Would you print the lines below exactly, beginning at the line that has "封装可以帮助更快地建立网站,但不能改造和" and stopping after the line that has "This vintage Japanese"? Only those lines, and no pictures.

Records drawn from a dataset:
[Start of Attachment]

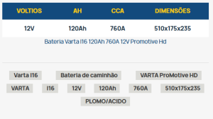Se desejar informações adicionais sobre a bateria Varta I16, você pode baixar a ficha técnica do produto no seguinte link:
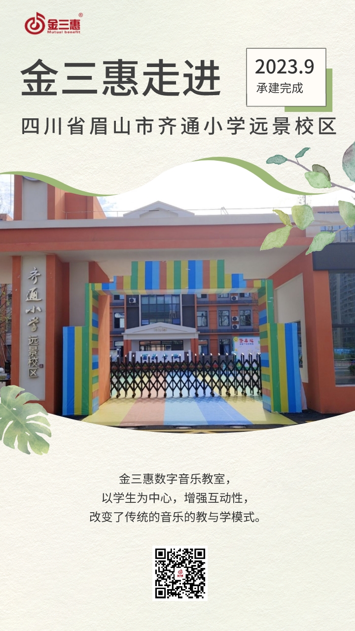 2023年9月,金三惠數(shù)字音樂教室走進(jìn)四川省眉山市齊通小學(xué)遠(yuǎn)景校區(qū),為學(xué)生提供了29+1、25+1的電鋼琴教室兩間,配備了金三惠電鋼琴教學(xué)系統(tǒng)、電鋼琴、數(shù)字音樂教學(xué)儀等教學(xué)教具等。
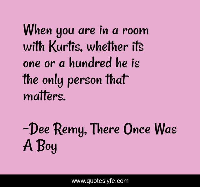 This page presents the quote "When you are in a room with Kurtis, whether its one or a hundred he is the only person that matters.". Author of this quote is Dee Remy, There Once Was A Boy. This quote is about romance, inspirational, enthusiasm, paranormal-romance, happiness, vanity,.
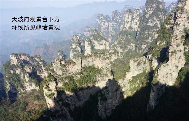 大观台分景区简介:杨家界杨家界景区位于 中心景区 西北 部,东南连 国度森林公园, 东北 邻天子山自然维护区,是 中心景区的四大组成局部之一,也是四大景区中最后一个开发的。杨家界一开端也是"养在深闺人未识",可刚一露头角,便"一鸣惊人天下知"。 湘潭 大学教授羊春秋先生旅游了杨家界后,盛赞道:"娟秀、绚丽、险特、雄奇……使人为之倾倒,为之拍案惊奇。" 山西 大学副教授周征松说:“杨家界是新发现的又一个神奇世界,这里山势绚丽,奇峰林立,俊俏无比。"杨家界景区主要是原始风光自然美。它与 (森林公园)、天子山、索溪峪比拟,除地质地貌与一局部山峰根本相同以外,又有其共同之处,特别是峰墙奇迹,由数十道相对平行而立的石墙组成,气势恢宏。地质学家陈 安泽 指出,杨家界峰墙是" 地貌"风光的重要组成局部,具有极高的科学价值、生态价值 和美 学价值。2014年1月16日, 市政府和张旅集团共同在 北京 举行新闻发布会,初次向全球推介杨家界峰墙奇迹。同年4月18日,杨家界客运索道试运转,游客可从杨家界门票站坐环保车到索道下站,乘坐缆车时就可观赏到峰墙景观——从森林公园门票站进的游客,可在大氧吧广场坐环保车到龙凤庵,徒步20分钟木栈道上去,再换乘环保车到杨家界索道下站,总用时约1小时。在山上的游客能够坐环保车到杨家界(刘家檐)环保车站,由此进入旅游杨家界景区。杨家界景区的旅游方式和图片已在上面的“特别引荐:杨家界下山道路”中有引见,此处不再反复。分景区简介:金鞭溪金鞭溪景区位于 国度森林公园中心位置,因流经金鞭岩而得名,西起大氧吧广场,东到水绕四门,全长5710米。金鞭溪沿线是 景色最美的地界,穿行在峰峦幽谷间,溪水明净,跌宕多姿,小鱼游弋其中。溪畔花草鲜美,鸟鸣莺啼,人沿清溪行,胜似画中游。被誉为"世界上最美丽的峡谷之一"。主要景点有醉罗汉、神鹰护鞭、金鞭岩、花果山、水帘洞、劈山救母、千里相会、楠木坪、水绕四门等。旅游金鞭溪可从森林公园门票站进入,全程徒步约2-2.5小时分到水绕四门,道路平整,易于行走,和十里画廊景区一样是 中心景区玩耍最轻松的景区。在金鞭溪景区中间的千里相会处有一条上山台阶路,此即为衔接袁家界景区后花园的乱窜坡游道,如不愿乘坐百龙天梯或天子山索道上山,可由此徒步上山(时间大约为一小时出头)。
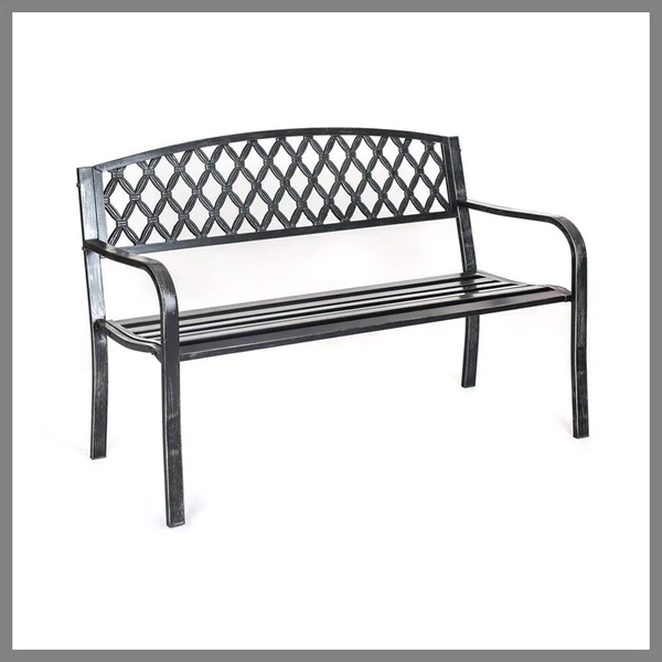Az acél szerkezet és a fekete öntöttvas háttámla kombinációja tartós, erős padot biztosít, amely ellenáll az időjárás viszontagságainak.
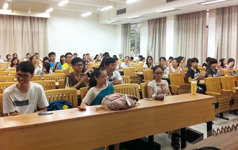 “跨界表演团队”此次派出了有古筝、琵琶以及二胡等大家较为熟悉的乐器为现场同学做展示。通过主课老师刘贝妮民乐队队长李林森的介绍,大家也从整体上解了民乐现在当下社会中的发展状况和民乐的民族性特色。
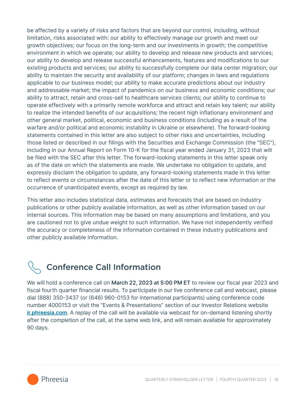 QUARTERLY STAKEHOLDER LETTER | FOURTH QUARTER 2023 | 18 be affected by a variety of risks and factors that are beyond our control, including, without limitation, risks associated with: our ability to effectively manage our growth and meet our growth objectives; our focus on the long-term and our investments in growth; the competitive environment in which we operate; our ability to develop and release new products and services; our ability to develop and release successful enhancements, features and modifications to our existing products and services; our ability to successfully complete our data center migration; our ability to maintain the security and availability of our platform; changes in laws and regulations applicable to our business model; our ability to make accurate predictions about our industry and addressable market; the impact of pandemics on our business and economic conditions; our ability to attract, retain and cross-sell to healthcare services clients; our ability to continue to operate effectively with a primarily remote workforce and attract and retain key talent; our ability to realize the intended benefits of our acquisitions; the recent high inflationary environment and other general market, political, economic and business conditions (including as a result of the warfare and/or political and economic instability in Ukraine or elsewhere). The forward-looking statements contained in this letter are also subject to other risks and uncertainties, including those listed or described in our filings with the Securities and Exchange Commission (the "SEC"), including in our Annual Report on Form 10-K for the fiscal year ended January 31, 2023 that will be filed with the SEC after this letter. The forward-looking statements in this letter speak only as of the date on which the statements are made. We undertake no obligation to update, and expressly disclaim the obligation to update, any forward-looking statements made in this letter to reflect events or circumstances after the date of this letter or to reflect new information or the occurrence of unanticipated events, except as required by law. This letter also includes statistical data, estimates and forecasts that are based on industry publications or other publicly available information, as well as other information based on our internal sources. This information may be based on many assumptions and limitations, and you are cautioned not to give undue weight to such information. We have not independently verified the accuracy or completeness of the information contained in these industry publications and other publicly available information. Conference Call Information We will hold a conference call on March 22, 2023 at 5:00 PM ET to review our fiscal year 2023 and fiscal fourth quarter financial results. To participate in our live conference call and webcast, please dial (888) 350-3437 (or (646) 960-0153 for international participants) using conference code number 4000153 or visit the “Events & Presentations” section of our Investor Relations website ir.phreesia.com. A replay of the call will be available via webcast for on-demand listening shortly after the completion of the call, at the same web link, and will remain available for approximately 90 days.
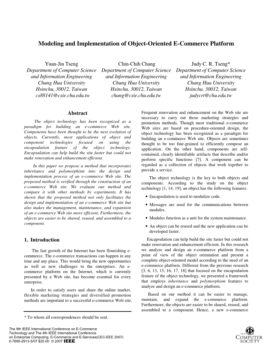 封装可以帮助更快地建立网站,但不能改造和提高效率。在本研究,我们从面向对象的观点分析和设计电子商务平台,以及根据电子商务平台的需要,呈现了一个完整的面向对象的模型。不同于之前聚焦于对象技术的封装特性的研究,,我们提出了一个框架,使用继承和多态特性分析和设计一个电子商务平台。
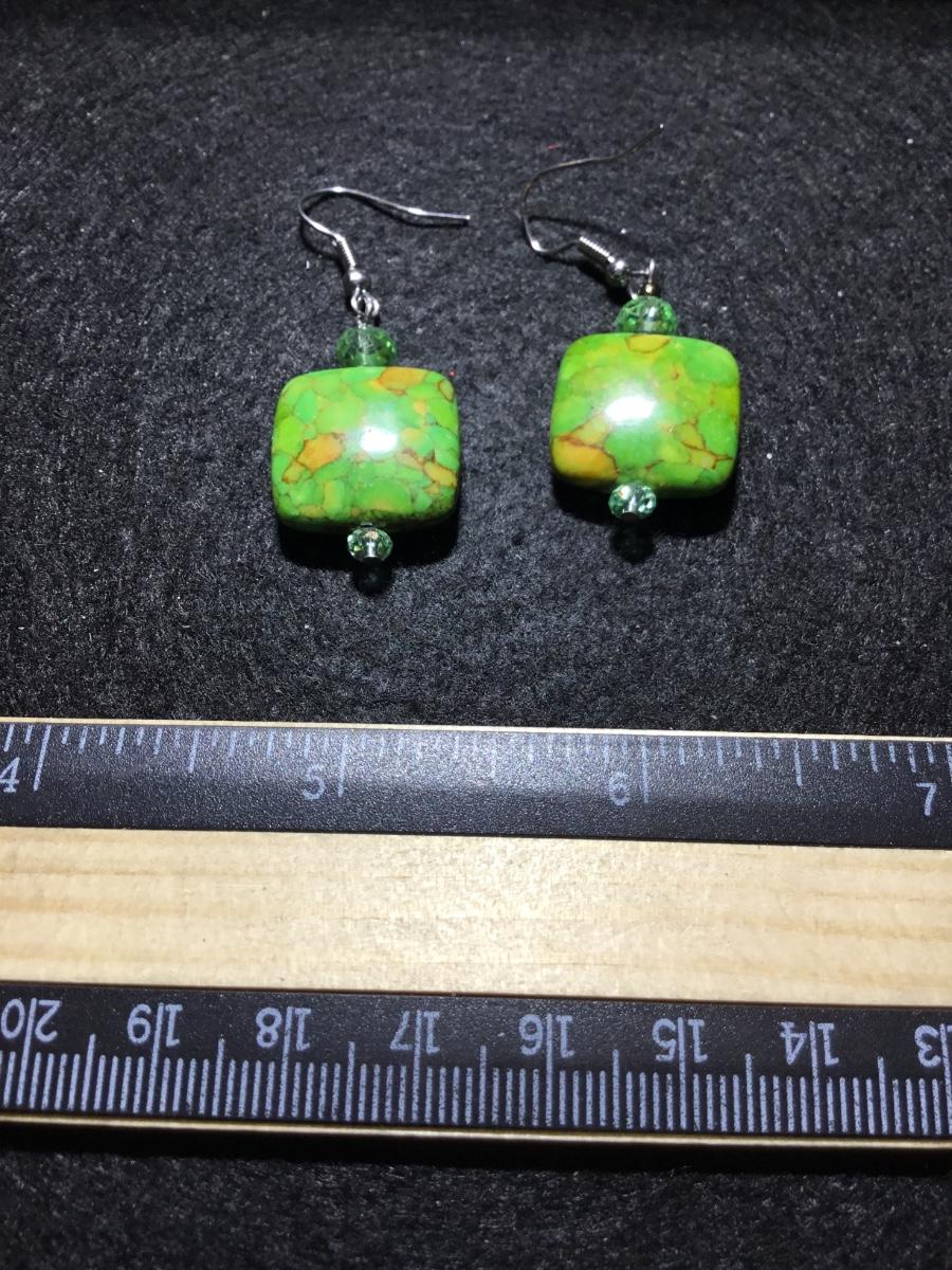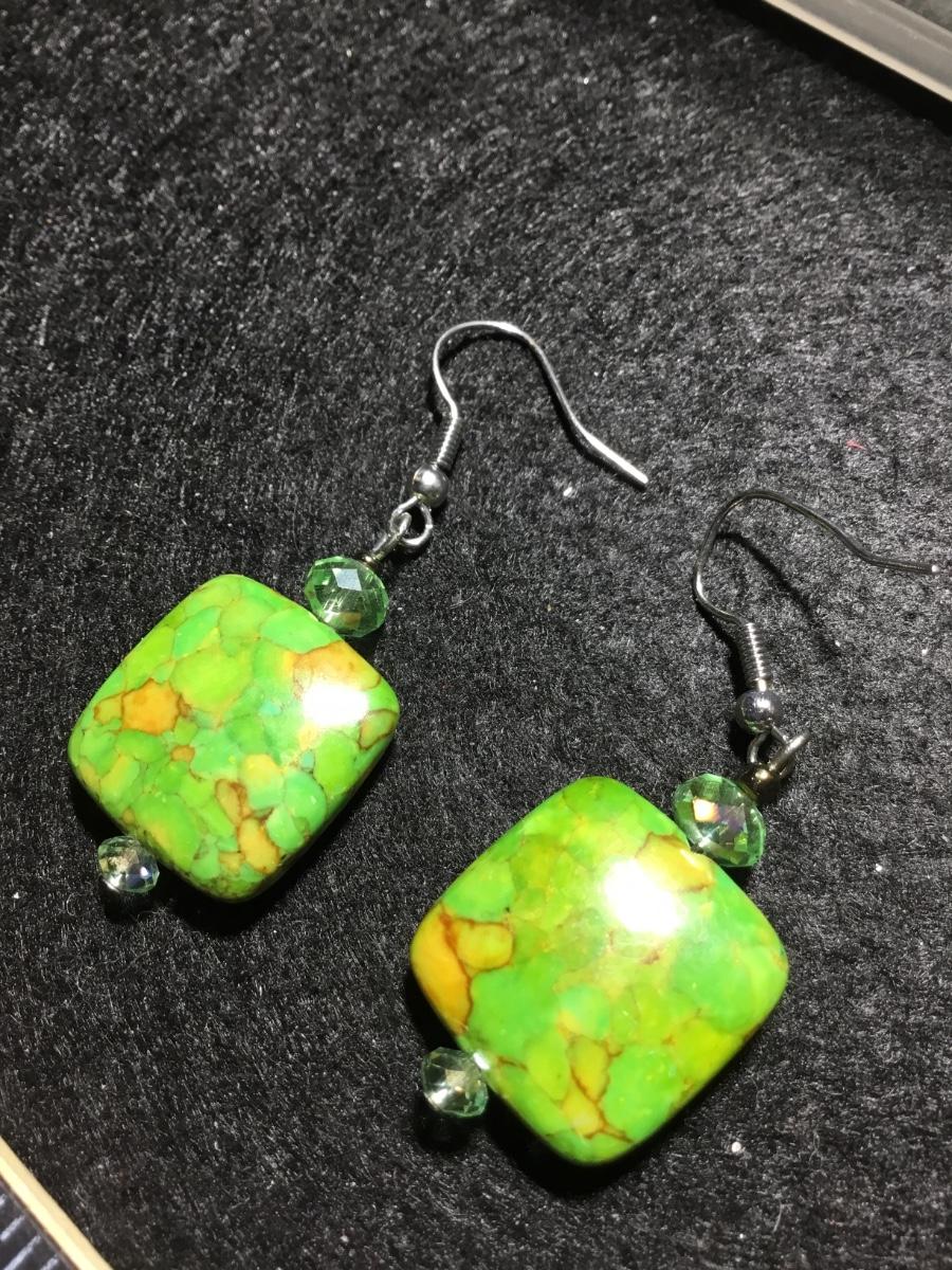 Green turquoise type howlite type stone fashion earrings
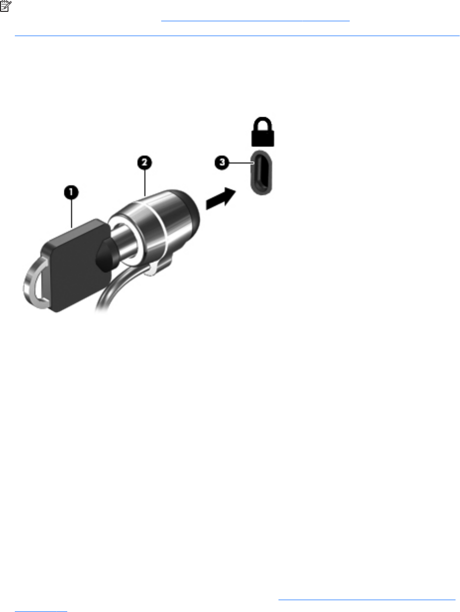 3. Steek het kabelslot in het slot voor de beveiligingskabel op de computer (3) en vergrendel het kabelslot
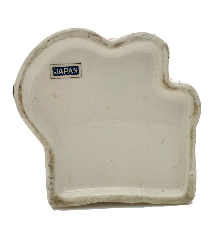 This vintage Japanese pincushion is a charming addition to any collection. Crafted from ceramic with the shape of an adorable puppy dog, it comes with three decorative pins to adorn it. The pincushion is a great example of craftsmanship from Japan, and is sure to add a touch of whimsy to any sewing project.
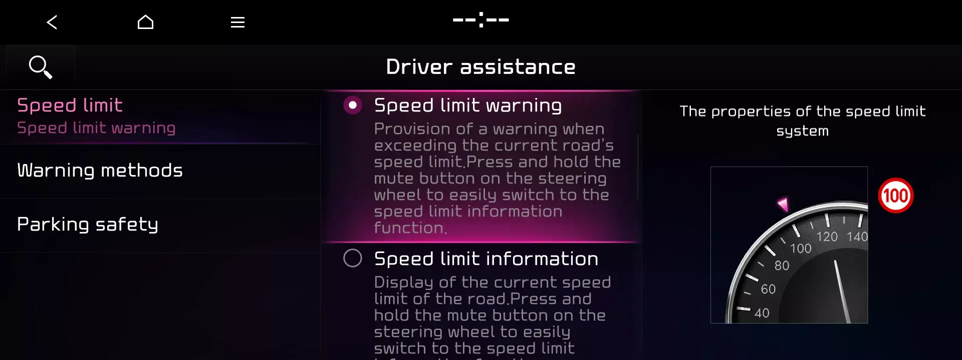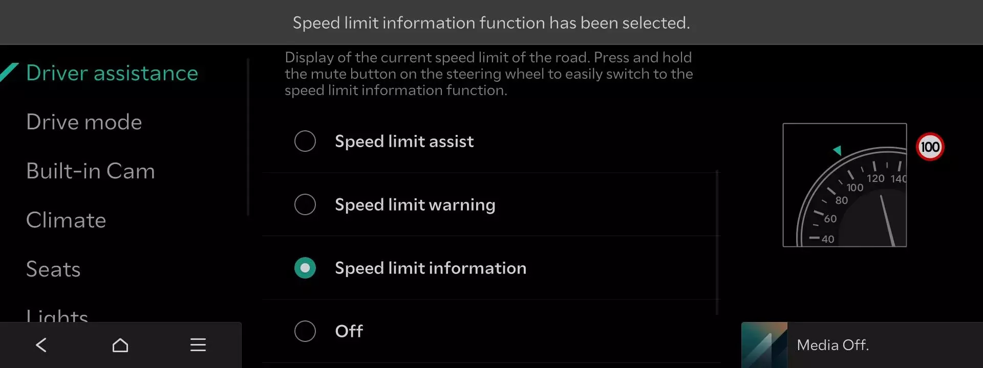 Sie können die Tempolimitwarnungen jetzt jederzeit deaktivieren.- Um die Tempolimitwarnungen zu deaktivieren, halten Sie einfach die Stumm-Taste am Lenkrad gedrückt. Dies ändert die Einstellung zu [Tempolimitinformationen], die keine akustischen Warnungen ausgibt.
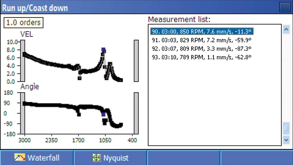 Run up/Coast down measurement and Bump test are tools for root cause analysis and show the machine frame vibration characteristics, resonance frequencies, and the reaction at critical speeds.
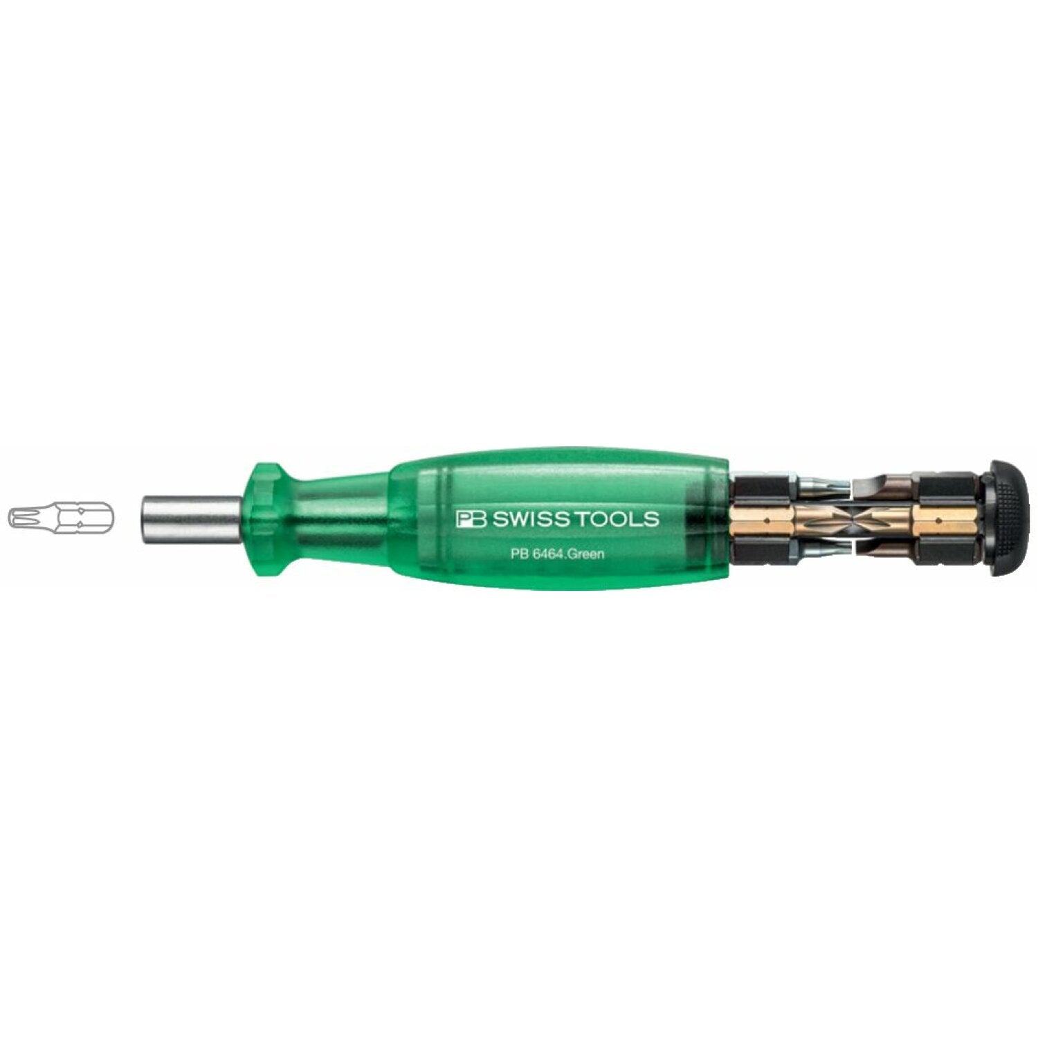PB Swiss PB 6464.Green Bit Holding Screwdriver with Magazine, Slotted, Phillips, Torx, 9 Pcs, Stainless Steel Magnetic Bit Holder,Easy, Fast bit change.

[End of Attachment]

# [Your solution]
 封装可以帮助更快地建立网站,但不能改造和提高效率。在本研究,我们从面向对象的观点分析和设计电子商务平台,以及根据电子商务平台的需要,呈现了一个完整的面向对象的模型。不同于之前聚焦于对象技术的封装特性的研究,,我们提出了一个框架,使用继承和多态特性分析和设计一个电子商务平台。
 Green turquoise type howlite type stone fashion earrings
 3. Steek het kabelslot in het slot voor de beveiligingskabel op de computer (3) en vergrendel het kabelslot
 This vintage Japanese pincushion is a charming addition to any collection. Crafted from ceramic with the shape of an adorable puppy dog, it comes with three decorative pins to adorn it. The pincushion is a great example of craftsmanship from Japan, and is sure to add a touch of whimsy to any sewing project.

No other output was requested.